Conyers Sends New Letters to Agencies, Continues to Amend Request by 52 Congressmen, Argues Fees Should be Waived as Agencies Keep Up Stonewall
Congressman John Conyers (D-MI) is continuing his negotation, on behalf of more than 50 members of the U.S. House of Representatives, for the release of documents related to the Bush Administration's plans for War in Iraq long prior to the beginning of hostilities, according to new letters written by the ranking member of the U.S. House Judiciary Committee and obtained exclusively by The BRAD BLOG.
After the revelations in Spring of 2005 from the so-called Downing Street Memo and other related documents --- a series of secret memos created by British officials documenting Bush Administration efforts to "fix" the "intelligence and facts...around the policy" of going to war with Iraq no matter what --- Freedom of Information Act (FOIA) requests were filed by 52 House Members [PDF], including Conyers, for the release of documentation of Administration Iraq policies going as far back as the day after the 2000 Election.
The original FOIA requests were filed [PDF] with both the Departments of Defense and State, in June of 2005 after the disclosure in May, by Sunday Times of London, of the initial memo. Both federal agencies have largely stonewalled in response to the request. Correspondence from the agencies have claimed that the House Members must first agree to pay large fees for the requested material on the grounds that they do not meet FOIA standards which allow such fees to be waved.
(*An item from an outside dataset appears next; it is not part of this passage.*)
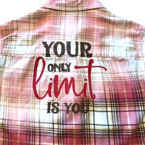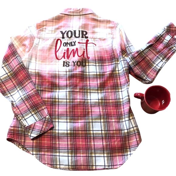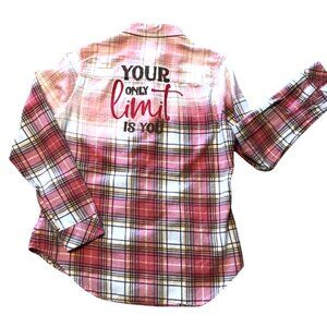This is an upcycled women's plaid flannel (size small) which has been partially bleached for an interesting effect and "Your Only Limit is You" painted onto the back. Inspire someone in your life (or yourself) to reach for the stars!

The Dept. of Defense has estimated [PDF] the fees chargeable for answering the FOIA request would be approximately $110,000. The State Department has not yet given a similar estimate, but has also informed the members that they would have to agree in advance to such payment.
FOIA, however, allows such processing and copy fees to be waived in cases where the information provided will be widely circulated to the public and will "contribute significantly to the public understanding of activities or operations of the government."
Several communications from both DoD and State have suggested that since the requests for information did not come formally from a U.S. House Committee, the members' request does not meet the standard required for waiving fees or expediting the release of the information.